DATASET CONTENT
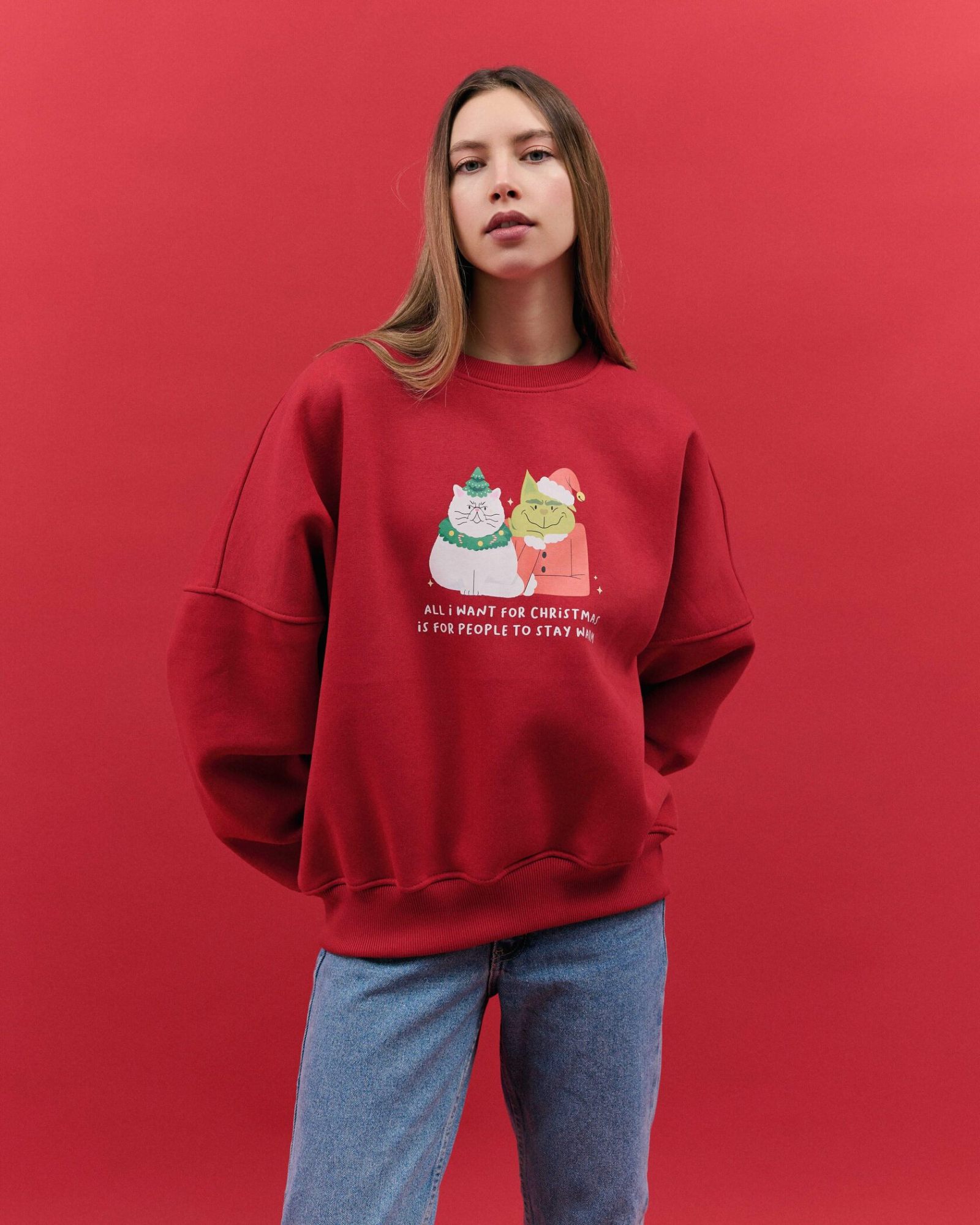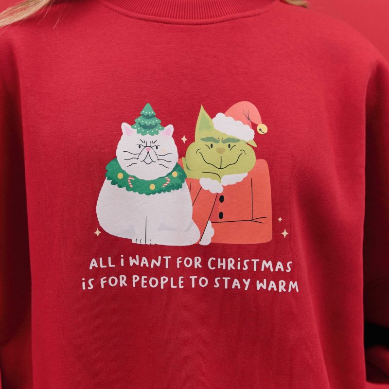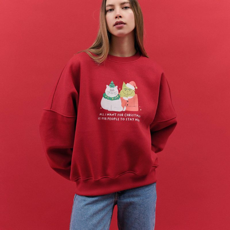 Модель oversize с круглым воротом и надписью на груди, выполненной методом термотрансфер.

---

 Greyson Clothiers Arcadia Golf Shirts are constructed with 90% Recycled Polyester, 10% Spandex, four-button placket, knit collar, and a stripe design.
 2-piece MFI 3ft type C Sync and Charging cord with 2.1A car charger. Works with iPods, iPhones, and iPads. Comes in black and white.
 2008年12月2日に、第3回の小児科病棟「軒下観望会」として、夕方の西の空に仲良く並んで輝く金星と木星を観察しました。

TASK GOAL
Which lines of the records above hold the word "with"? Copy each one out.

OUTPUT OF THE EXERCISE
 Greyson Clothiers Arcadia Golf Shirts are constructed with 90% Recycled Polyester, 10% Spandex, four-button placket, knit collar, and a stripe design.
 2-piece MFI 3ft type C Sync and Charging cord with 2.1A car charger. Works with iPods, iPhones, and iPads. Comes in black and white.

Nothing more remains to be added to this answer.